When you reach the line below that has "Iklan Jawatan KEDA Resort & Holidays Sdn Bhd", start returning lines exactly, and stop after the line that has "Samsonite barnväska med"; skip the pictures.

== SOURCE RECORDS ==

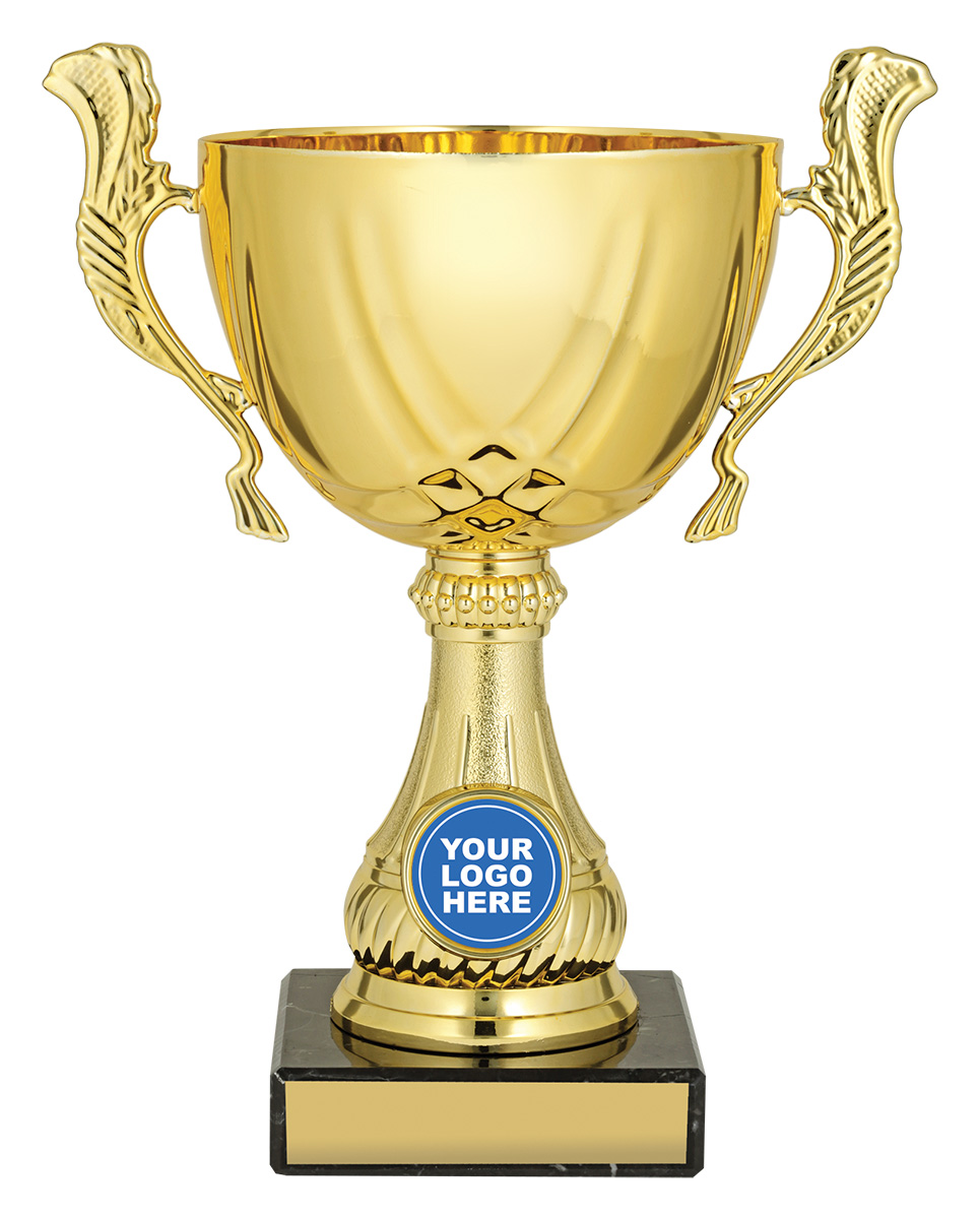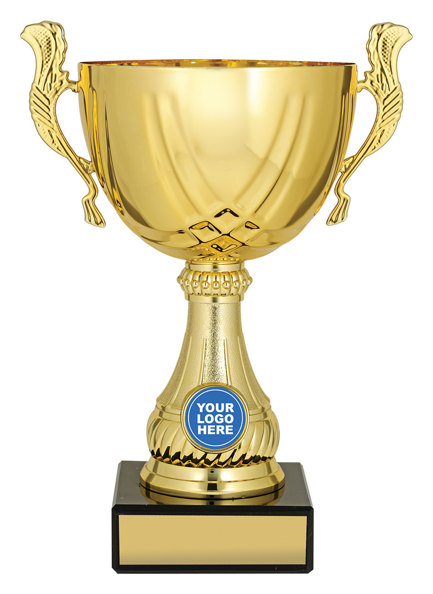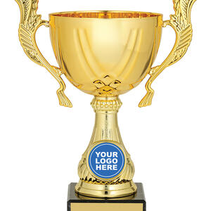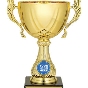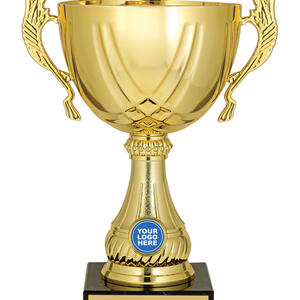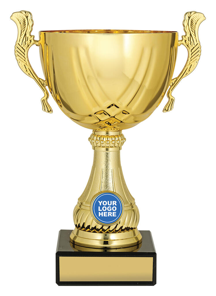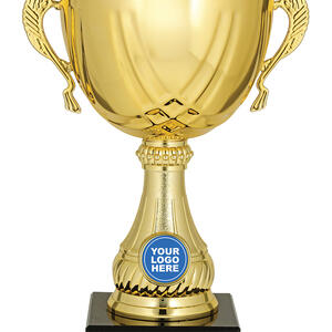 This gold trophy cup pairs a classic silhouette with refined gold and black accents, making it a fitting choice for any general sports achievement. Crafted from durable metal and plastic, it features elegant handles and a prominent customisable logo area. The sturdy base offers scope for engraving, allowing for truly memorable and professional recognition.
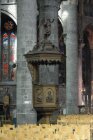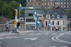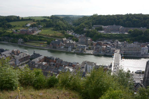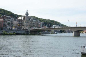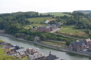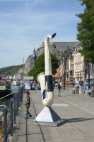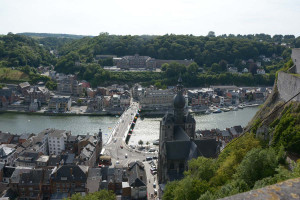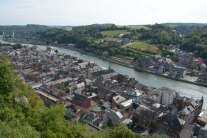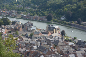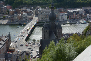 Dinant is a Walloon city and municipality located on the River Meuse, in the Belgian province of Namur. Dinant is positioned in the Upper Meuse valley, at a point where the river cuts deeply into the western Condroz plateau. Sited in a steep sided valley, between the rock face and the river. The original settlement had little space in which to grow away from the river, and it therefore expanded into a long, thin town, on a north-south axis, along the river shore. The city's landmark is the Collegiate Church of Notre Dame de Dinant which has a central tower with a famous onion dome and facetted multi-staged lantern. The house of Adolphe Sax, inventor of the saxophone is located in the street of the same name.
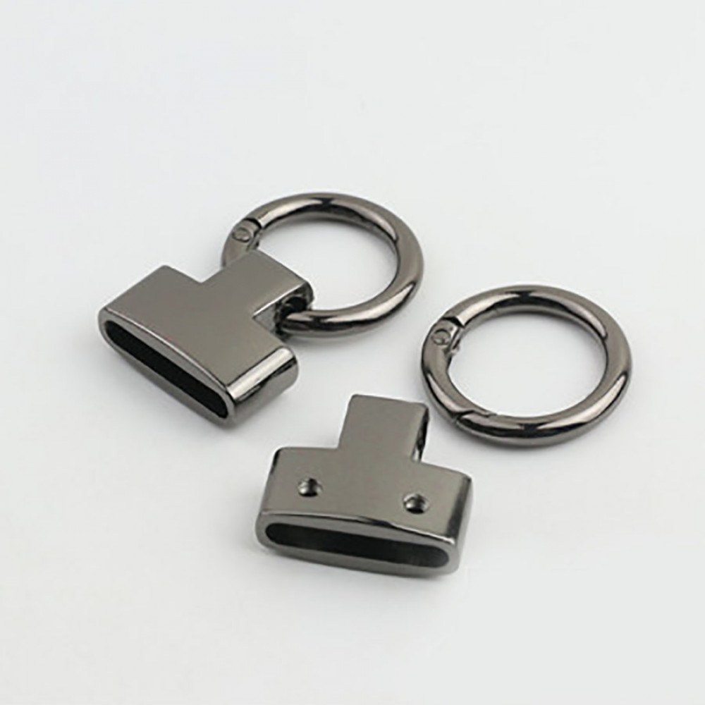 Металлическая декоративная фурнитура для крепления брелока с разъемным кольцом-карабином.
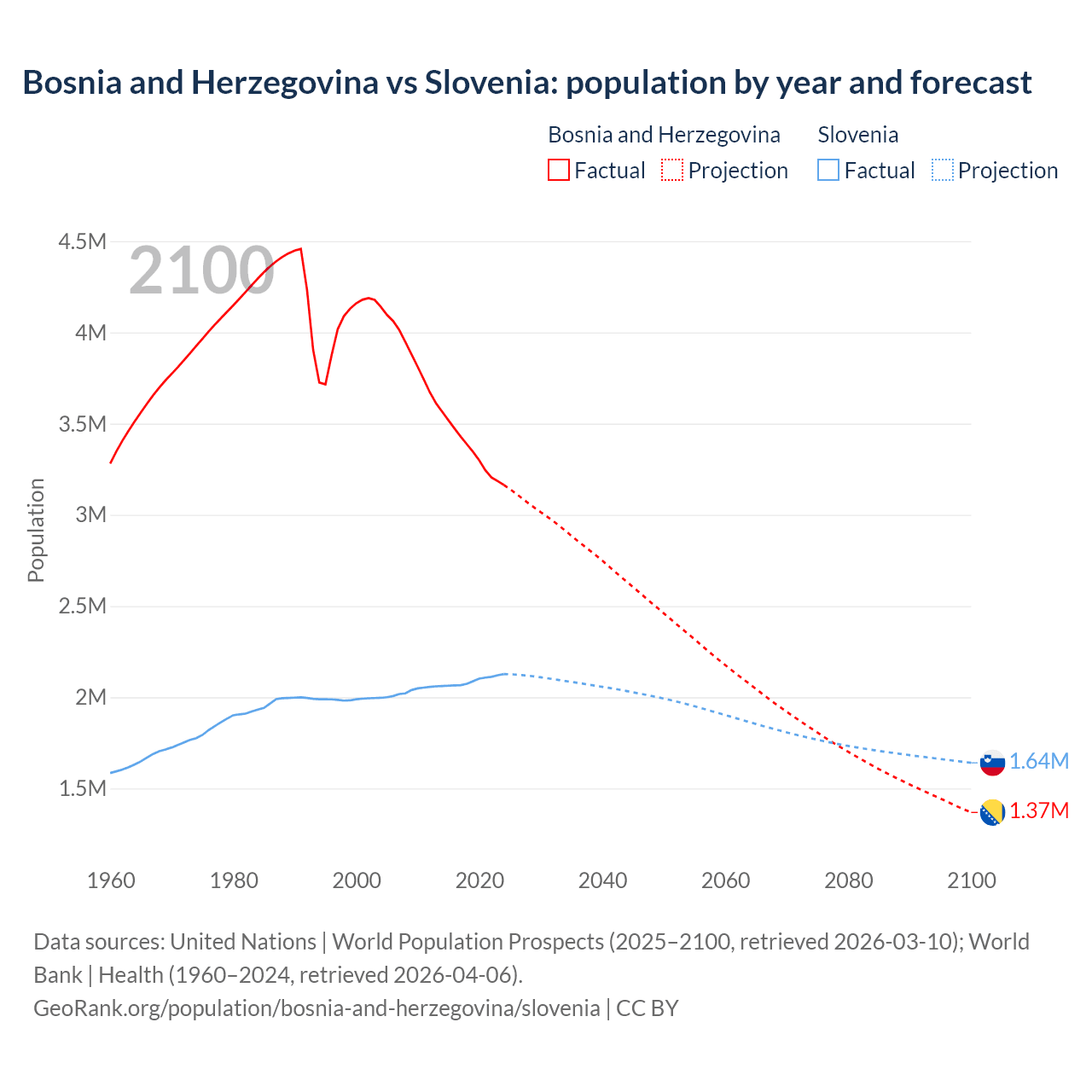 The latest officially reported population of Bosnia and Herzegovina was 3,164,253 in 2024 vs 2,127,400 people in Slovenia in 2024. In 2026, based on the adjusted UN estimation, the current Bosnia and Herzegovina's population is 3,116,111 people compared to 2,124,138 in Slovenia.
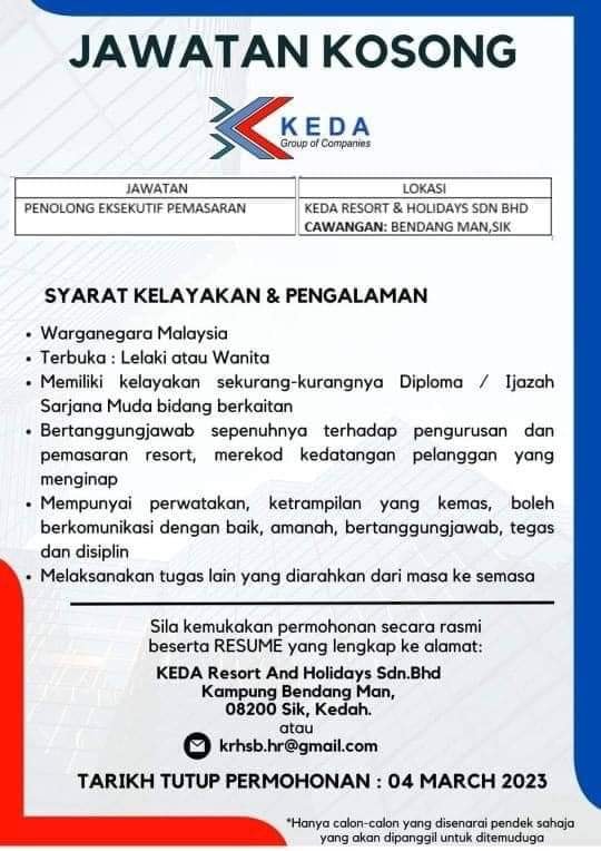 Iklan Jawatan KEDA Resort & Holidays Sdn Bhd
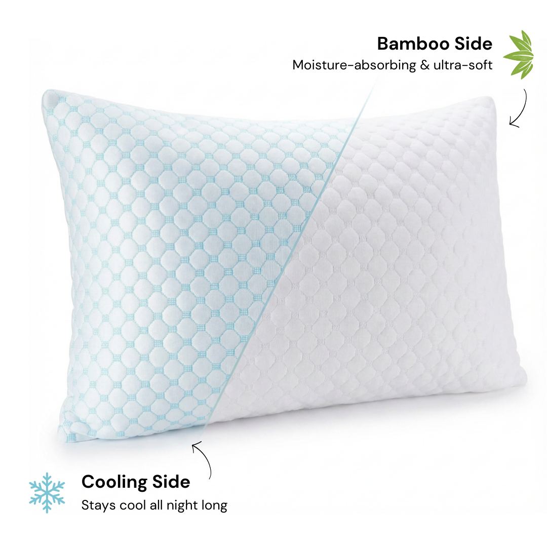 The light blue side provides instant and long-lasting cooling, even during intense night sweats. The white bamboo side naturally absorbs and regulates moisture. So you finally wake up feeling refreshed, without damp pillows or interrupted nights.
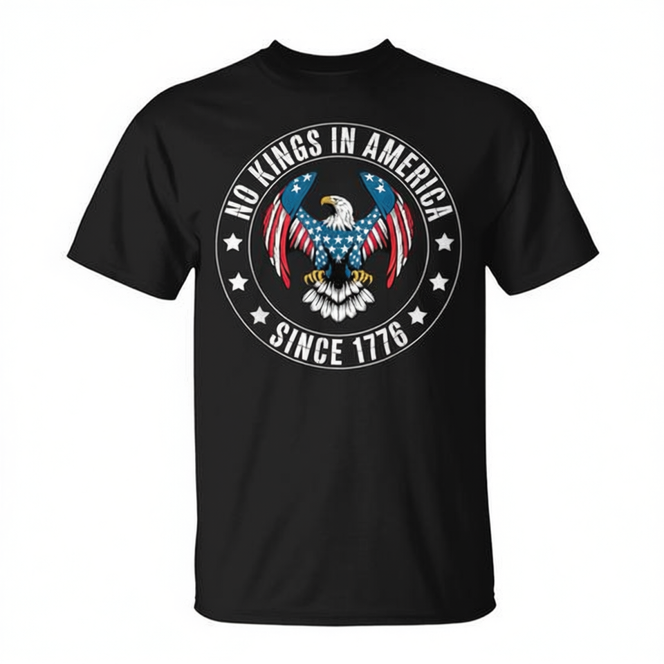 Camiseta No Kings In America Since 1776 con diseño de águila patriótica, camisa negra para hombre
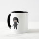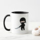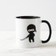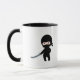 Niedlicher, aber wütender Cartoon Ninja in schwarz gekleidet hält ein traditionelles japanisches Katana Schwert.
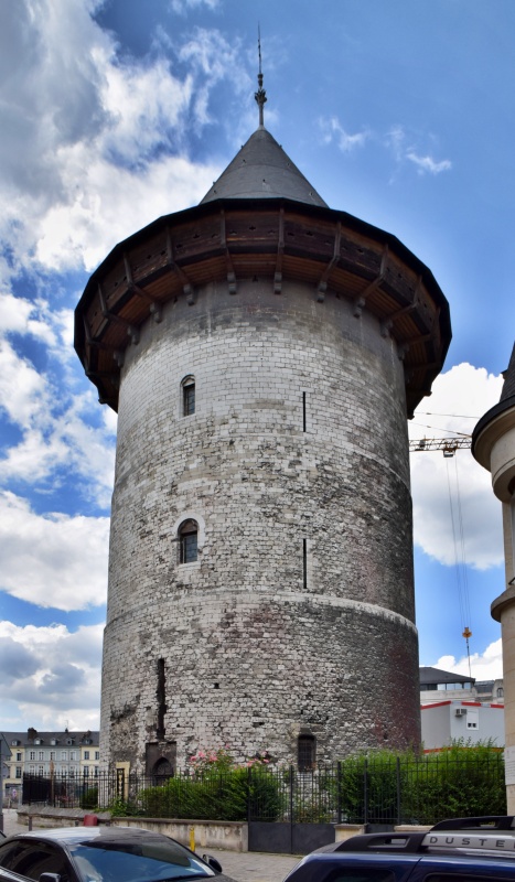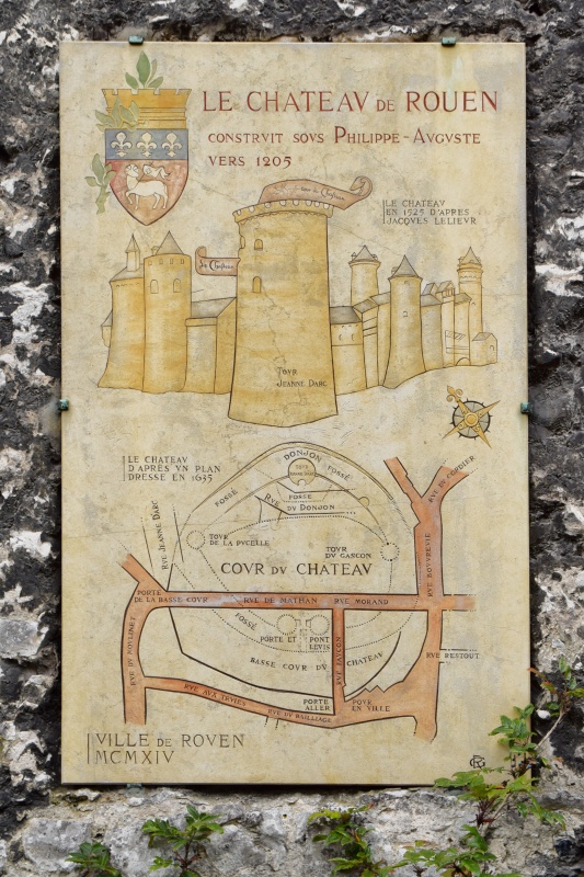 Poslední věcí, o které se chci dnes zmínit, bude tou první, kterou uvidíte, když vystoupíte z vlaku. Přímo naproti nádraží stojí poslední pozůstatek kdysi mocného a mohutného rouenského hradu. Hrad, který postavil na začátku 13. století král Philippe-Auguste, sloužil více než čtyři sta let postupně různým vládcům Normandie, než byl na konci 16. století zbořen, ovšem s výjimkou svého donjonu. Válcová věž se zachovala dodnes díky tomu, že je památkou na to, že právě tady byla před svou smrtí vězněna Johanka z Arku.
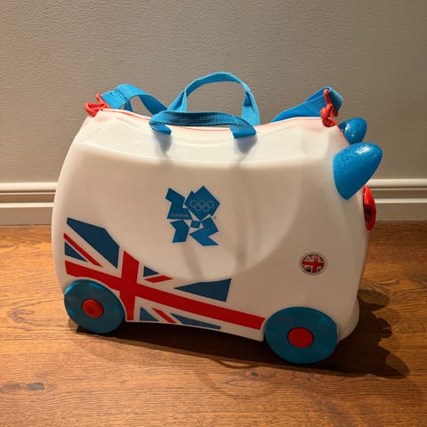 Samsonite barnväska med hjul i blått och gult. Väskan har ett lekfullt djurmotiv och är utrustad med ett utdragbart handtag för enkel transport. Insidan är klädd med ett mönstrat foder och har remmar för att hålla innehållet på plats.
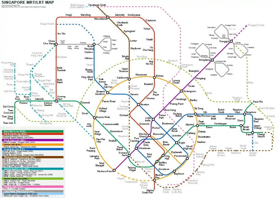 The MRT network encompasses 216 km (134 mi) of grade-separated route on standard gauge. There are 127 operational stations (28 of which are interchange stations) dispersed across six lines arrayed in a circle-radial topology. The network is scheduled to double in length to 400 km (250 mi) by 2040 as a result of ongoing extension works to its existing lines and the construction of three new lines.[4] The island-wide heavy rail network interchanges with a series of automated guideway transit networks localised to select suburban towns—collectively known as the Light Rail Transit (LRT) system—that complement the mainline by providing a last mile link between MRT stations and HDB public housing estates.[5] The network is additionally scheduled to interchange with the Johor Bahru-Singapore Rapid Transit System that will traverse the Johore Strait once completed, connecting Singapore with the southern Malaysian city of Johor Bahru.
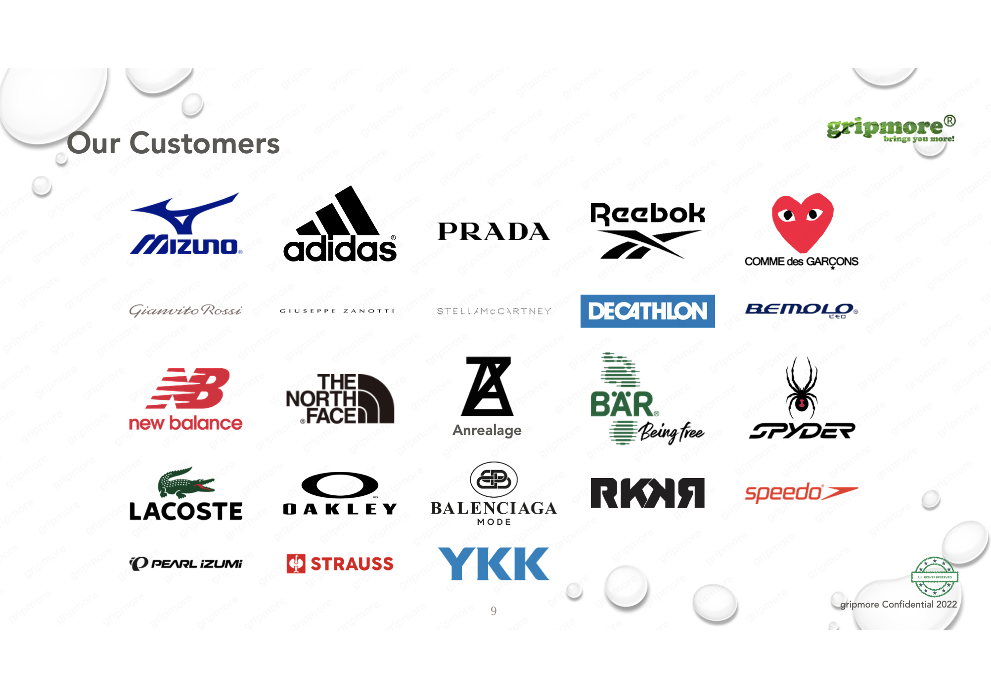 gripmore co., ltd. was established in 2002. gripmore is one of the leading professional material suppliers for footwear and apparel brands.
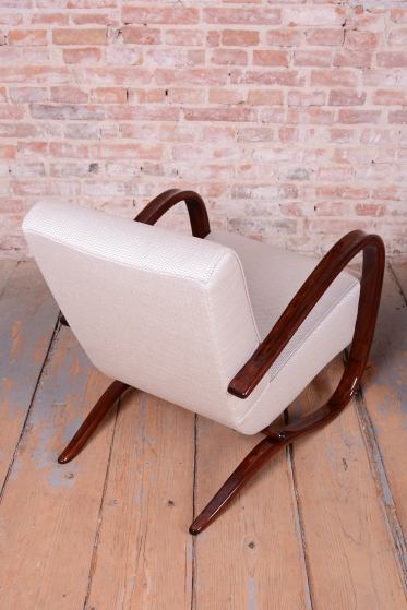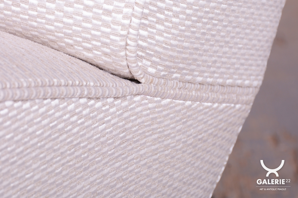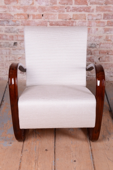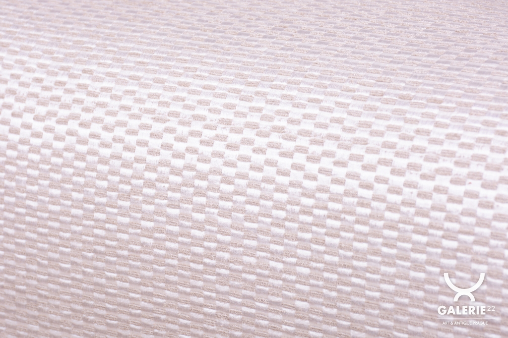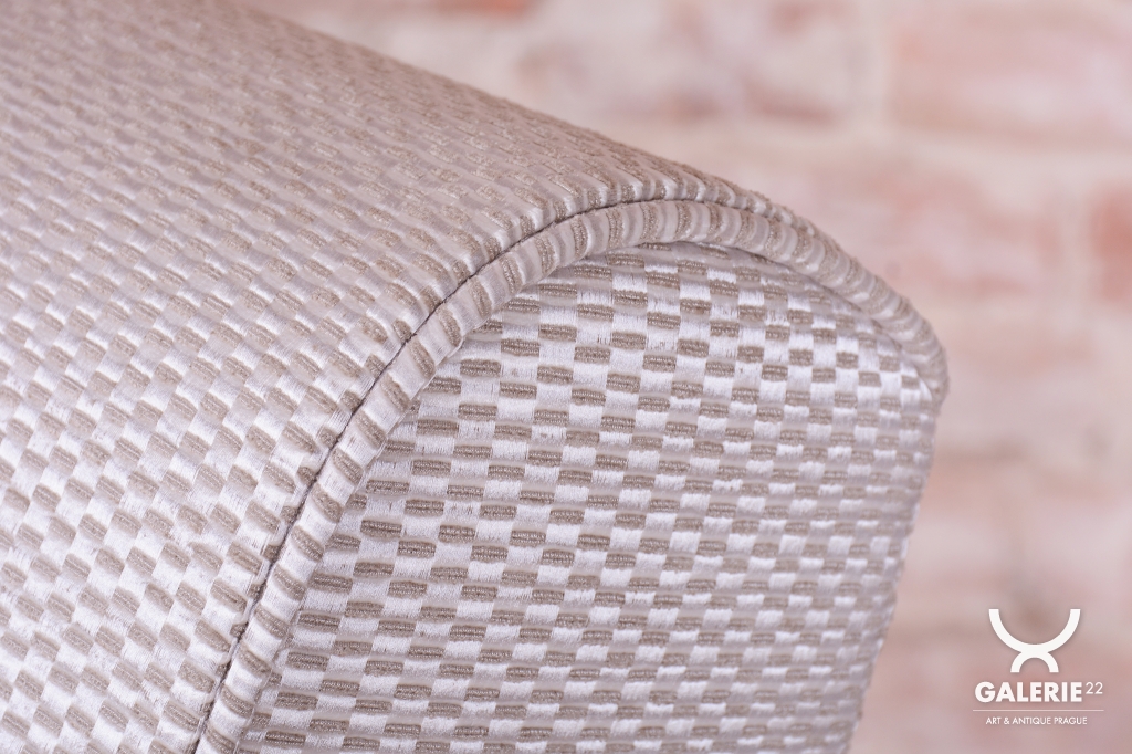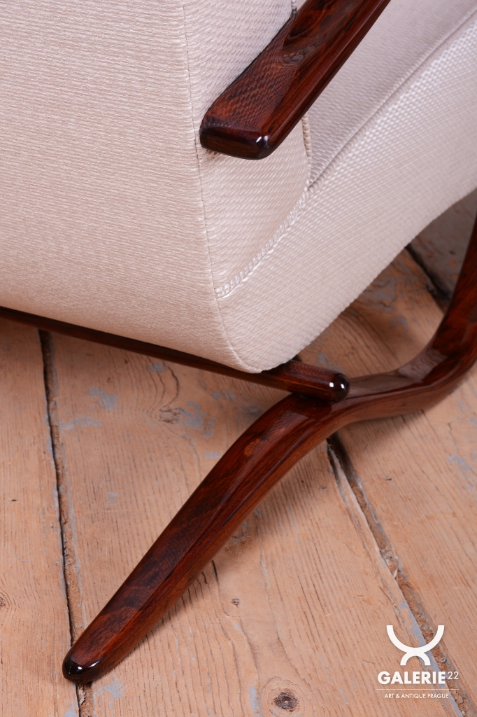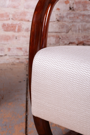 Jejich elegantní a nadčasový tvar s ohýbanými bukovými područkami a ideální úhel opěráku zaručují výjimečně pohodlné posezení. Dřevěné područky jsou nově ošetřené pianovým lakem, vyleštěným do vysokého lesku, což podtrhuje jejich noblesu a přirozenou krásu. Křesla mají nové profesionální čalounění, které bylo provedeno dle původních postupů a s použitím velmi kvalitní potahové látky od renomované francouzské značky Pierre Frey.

===

## YOUR SOLUTION
 Iklan Jawatan KEDA Resort & Holidays Sdn Bhd
 The light blue side provides instant and long-lasting cooling, even during intense night sweats. The white bamboo side naturally absorbs and regulates moisture. So you finally wake up feeling refreshed, without damp pillows or interrupted nights.
 Camiseta No Kings In America Since 1776 con diseño de águila patriótica, camisa negra para hombre
 Niedlicher, aber wütender Cartoon Ninja in schwarz gekleidet hält ein traditionelles japanisches Katana Schwert.
 Poslední věcí, o které se chci dnes zmínit, bude tou první, kterou uvidíte, když vystoupíte z vlaku. Přímo naproti nádraží stojí poslední pozůstatek kdysi mocného a mohutného rouenského hradu. Hrad, který postavil na začátku 13. století král Philippe-Auguste, sloužil více než čtyři sta let postupně různým vládcům Normandie, než byl na konci 16. století zbořen, ovšem s výjimkou svého donjonu. Válcová věž se zachovala dodnes díky tomu, že je památkou na to, že právě tady byla před svou smrtí vězněna Johanka z Arku.
 Samsonite barnväska med hjul i blått och gult. Väskan har ett lekfullt djurmotiv och är utrustad med ett utdragbart handtag för enkel transport. Insidan är klädd med ett mönstrat foder och har remmar för att hålla innehållet på plats.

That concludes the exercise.